Data provided
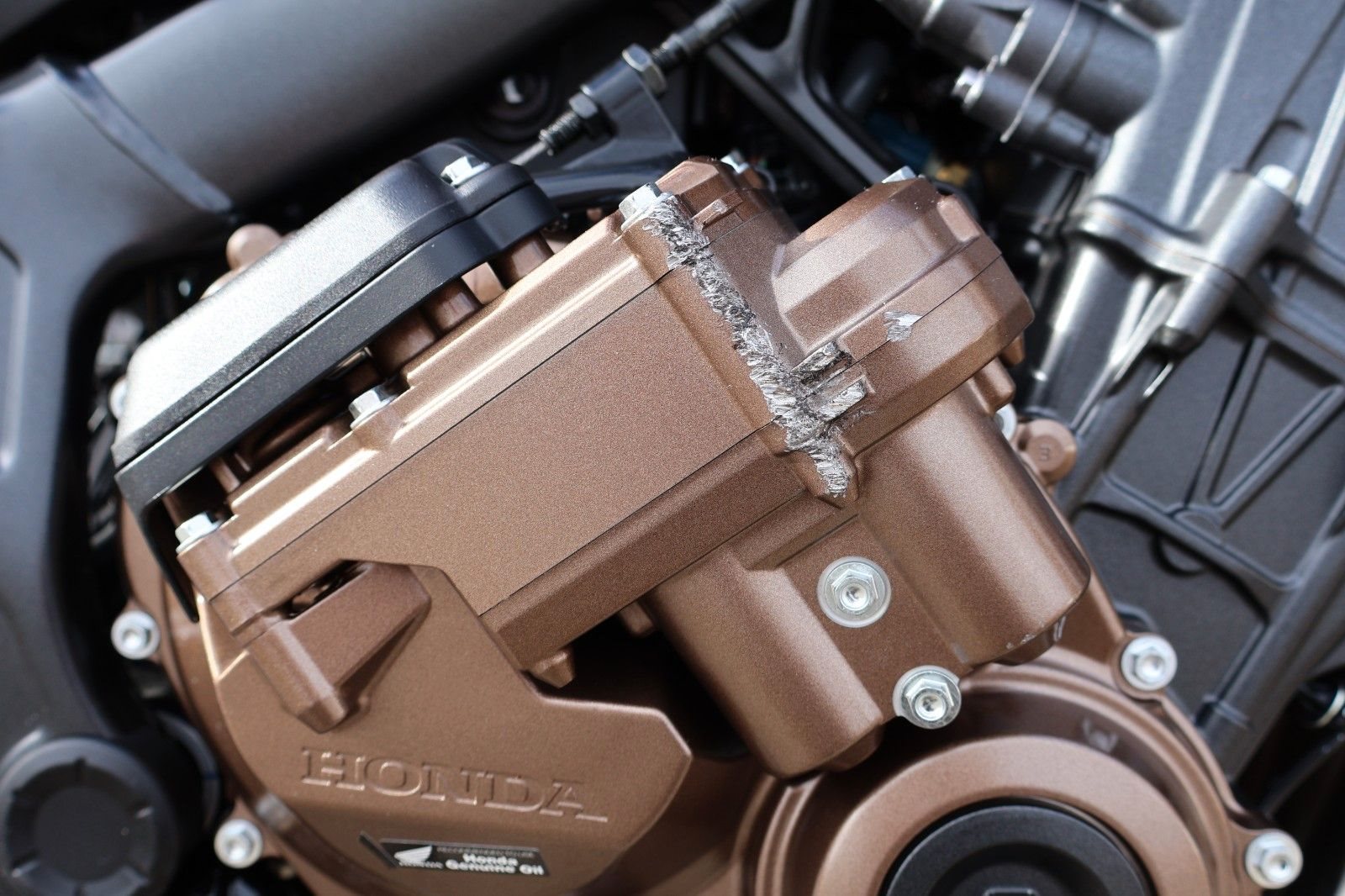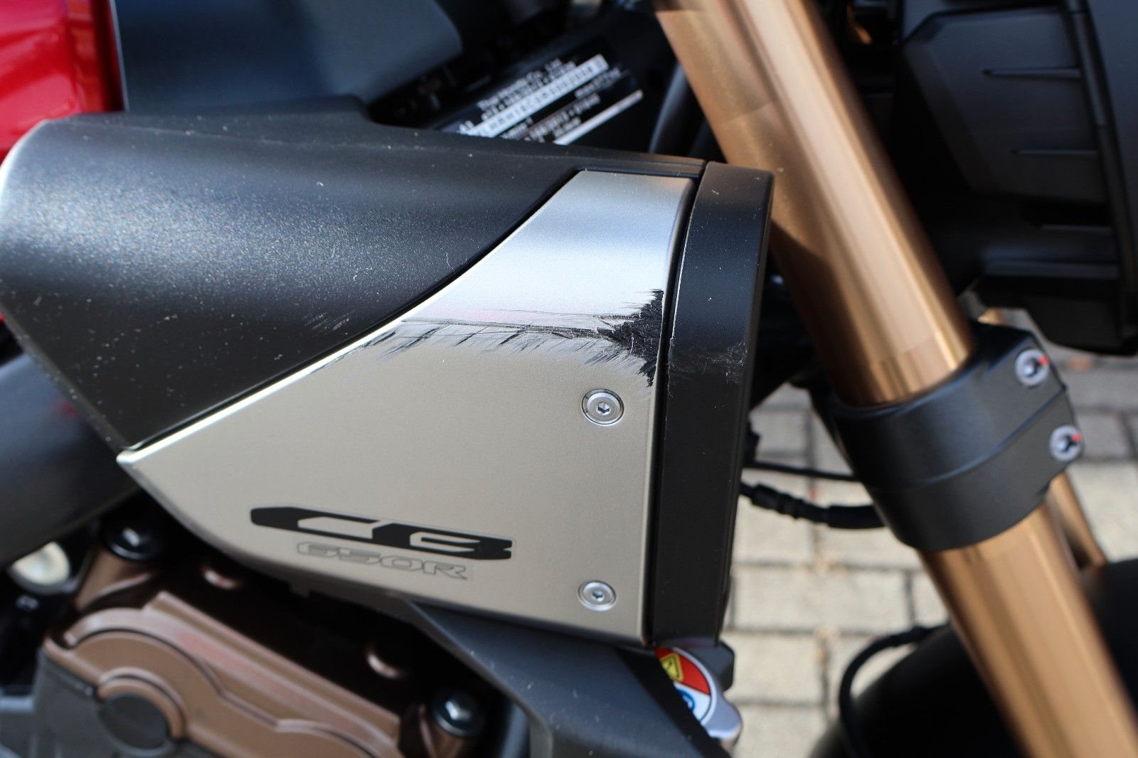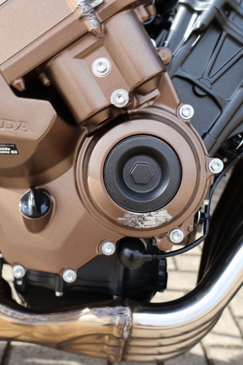 Du hast es in der Hand. Der DOHC-Vierzylinder-Reihenmotor leistet in der Spitze 70 kW (95,2 PS) - der rote Bereich beginnt bei 12.000 U/min - und bietet ein Drehmoment von 63 Nm. Honda Händler können das Bike für alle mit A2-Führerschein auf 35 kW drosseln und die Drosselung entfernen, sobald ein A-Führerschein vorgelegt werden kann. Da Leistung Kontrolle braucht, verhindert die Anti-Hopping-Kupplung das Blockieren des Hinterrads bei starkem Bremsen und Herunterschalten. Das Notbremssignal (ESS) wird bei Vollbremsungen aktiviert und sorgt so für bessere Sichtbarkeit auf der Straße.
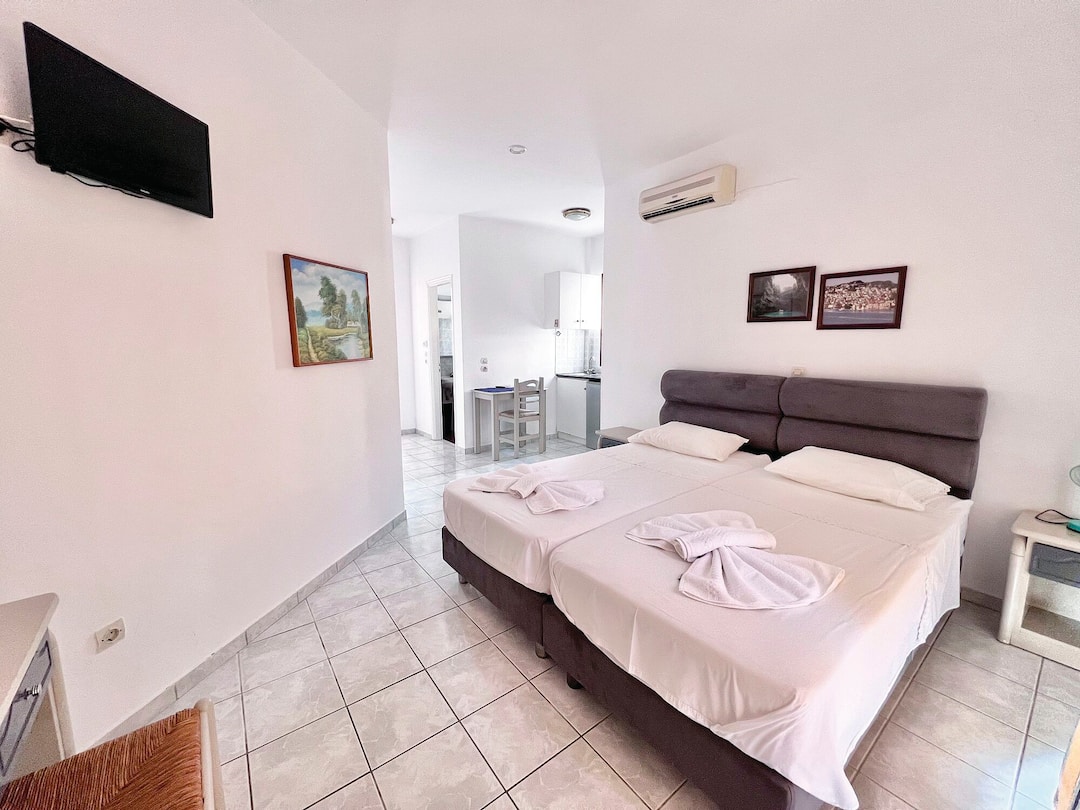 Although there’s a secluded feel to the Aristomenis Studios, you’re only a 10-minute walk away from the nearest tavernas – and they all specialise in homemade food and hearty portions!
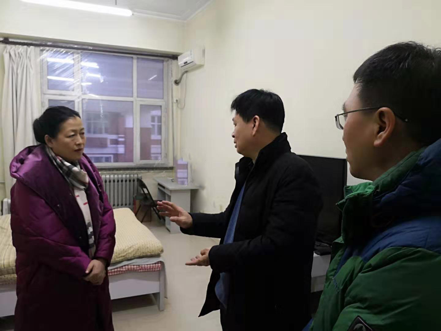 下午5點(diǎn),校黨委書(shū)記、校長(zhǎng)陳桂芝、工會(huì)主席陶佰睿和部分防控工作領(lǐng)導(dǎo)小組成員走訪校園110服務(wù)中心、學(xué)??傊蛋嗍摇⒇?cái)務(wù)處、中區(qū)變電所、中區(qū)鍋爐房、校衛(wèi)生所等地,看望慰問(wèn)在除夕堅(jiān)守崗位的一線員工并送上慰問(wèn)品,詳細(xì)了解了學(xué)校節(jié)假日期間學(xué)校重要崗位人員值班值守情況,并對(duì)新型冠狀病毒感染肺炎疫情防控工作落實(shí)情況進(jìn)行了檢查和指導(dǎo),特別是重點(diǎn)察看了發(fā)熱門(mén)診和隔離宿舍等重點(diǎn)部位以及紅外測(cè)溫儀、消毒藥品和醫(yī)務(wù)人員防護(hù)裝備等重要設(shè)施的部署落實(shí)情況。她代表學(xué)校黨委感謝大家為保障學(xué)校春節(jié)期間正常運(yùn)轉(zhuǎn)的辛勤付出,鼓勵(lì)全體值班人員一定發(fā)揚(yáng)同舟共濟(jì)的精神,堅(jiān)守崗位,加強(qiáng)應(yīng)急值守,全力做好保障工作,確保學(xué)校安全工作和各項(xiàng)疫情防控措施有效落實(shí),全力保障學(xué)校安全和師生健康。
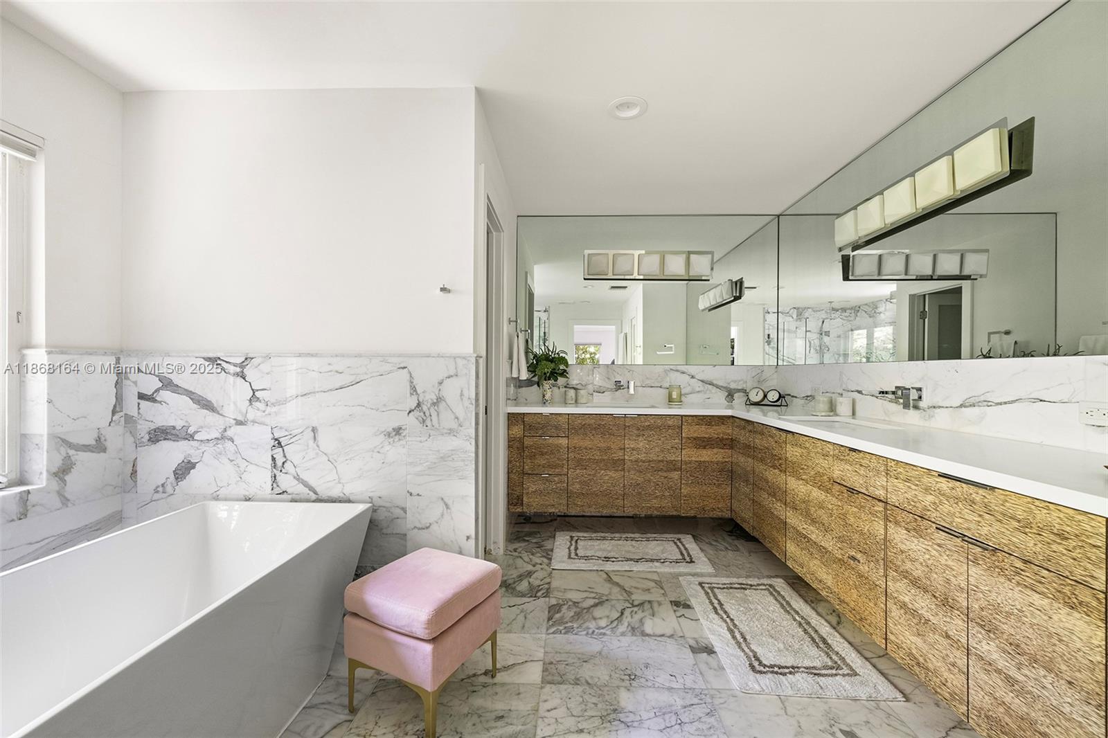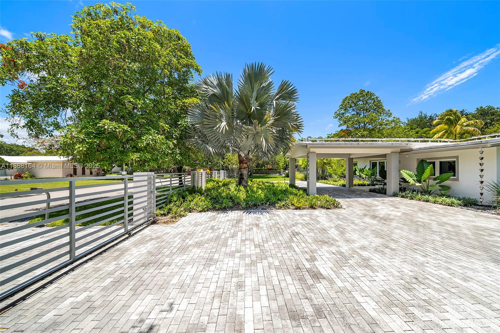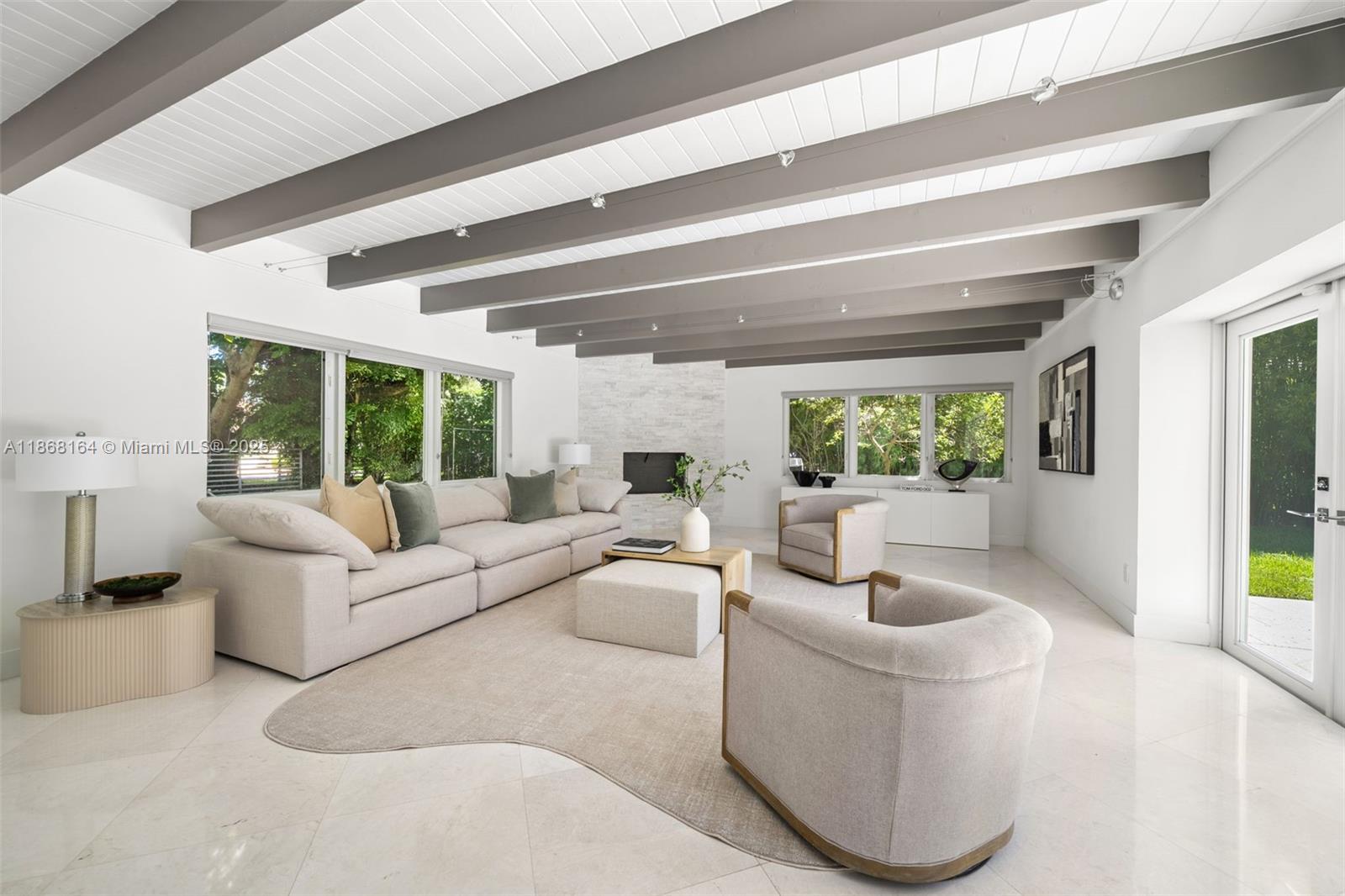 Positioned on a 34,000 SF corner lot in North Pinecrest, 11001 SW 64th Ave is a one-story 4,600 SF single-family home with 5 beds and 4 baths, currently configured as a 4-bed. The home features ceilings up to 10.5 ft, impact windows/doors, gated entry, and a covered driveway. Defining features include a renovated kitchen with high-end appliances, two distinct dining areas, a massive great room and family room with a brick fireplace, renovated baths, a large playroom, laundry, and a two-car garage. The backyard is turnkey with a heated pool, summer kitchen, dining area, and generous outdoor living space. Upgrades include an ENERGY STAR-rated cool roof for reduced cooling bills, a 10.8 KW solar array with the option to double capacity, and a 120-gal on-demand solar hot water system.

Work item
The answer should hold every line of the listing, copied exactly, with no pictures.

Result of this exercise
 Du hast es in der Hand. Der DOHC-Vierzylinder-Reihenmotor leistet in der Spitze 70 kW (95,2 PS) - der rote Bereich beginnt bei 12.000 U/min - und bietet ein Drehmoment von 63 Nm. Honda Händler können das Bike für alle mit A2-Führerschein auf 35 kW drosseln und die Drosselung entfernen, sobald ein A-Führerschein vorgelegt werden kann. Da Leistung Kontrolle braucht, verhindert die Anti-Hopping-Kupplung das Blockieren des Hinterrads bei starkem Bremsen und Herunterschalten. Das Notbremssignal (ESS) wird bei Vollbremsungen aktiviert und sorgt so für bessere Sichtbarkeit auf der Straße.
 Although there’s a secluded feel to the Aristomenis Studios, you’re only a 10-minute walk away from the nearest tavernas – and they all specialise in homemade food and hearty portions!
 下午5點(diǎn),校黨委書(shū)記、校長(zhǎng)陳桂芝、工會(huì)主席陶佰睿和部分防控工作領(lǐng)導(dǎo)小組成員走訪校園110服務(wù)中心、學(xué)??傊蛋嗍摇⒇?cái)務(wù)處、中區(qū)變電所、中區(qū)鍋爐房、校衛(wèi)生所等地,看望慰問(wèn)在除夕堅(jiān)守崗位的一線員工并送上慰問(wèn)品,詳細(xì)了解了學(xué)校節(jié)假日期間學(xué)校重要崗位人員值班值守情況,并對(duì)新型冠狀病毒感染肺炎疫情防控工作落實(shí)情況進(jìn)行了檢查和指導(dǎo),特別是重點(diǎn)察看了發(fā)熱門(mén)診和隔離宿舍等重點(diǎn)部位以及紅外測(cè)溫儀、消毒藥品和醫(yī)務(wù)人員防護(hù)裝備等重要設(shè)施的部署落實(shí)情況。她代表學(xué)校黨委感謝大家為保障學(xué)校春節(jié)期間正常運(yùn)轉(zhuǎn)的辛勤付出,鼓勵(lì)全體值班人員一定發(fā)揚(yáng)同舟共濟(jì)的精神,堅(jiān)守崗位,加強(qiáng)應(yīng)急值守,全力做好保障工作,確保學(xué)校安全工作和各項(xiàng)疫情防控措施有效落實(shí),全力保障學(xué)校安全和師生健康。
 Positioned on a 34,000 SF corner lot in North Pinecrest, 11001 SW 64th Ave is a one-story 4,600 SF single-family home with 5 beds and 4 baths, currently configured as a 4-bed. The home features ceilings up to 10.5 ft, impact windows/doors, gated entry, and a covered driveway. Defining features include a renovated kitchen with high-end appliances, two distinct dining areas, a massive great room and family room with a brick fireplace, renovated baths, a large playroom, laundry, and a two-car garage. The backyard is turnkey with a heated pool, summer kitchen, dining area, and generous outdoor living space. Upgrades include an ENERGY STAR-rated cool roof for reduced cooling bills, a 10.8 KW solar array with the option to double capacity, and a 120-gal on-demand solar hot water system.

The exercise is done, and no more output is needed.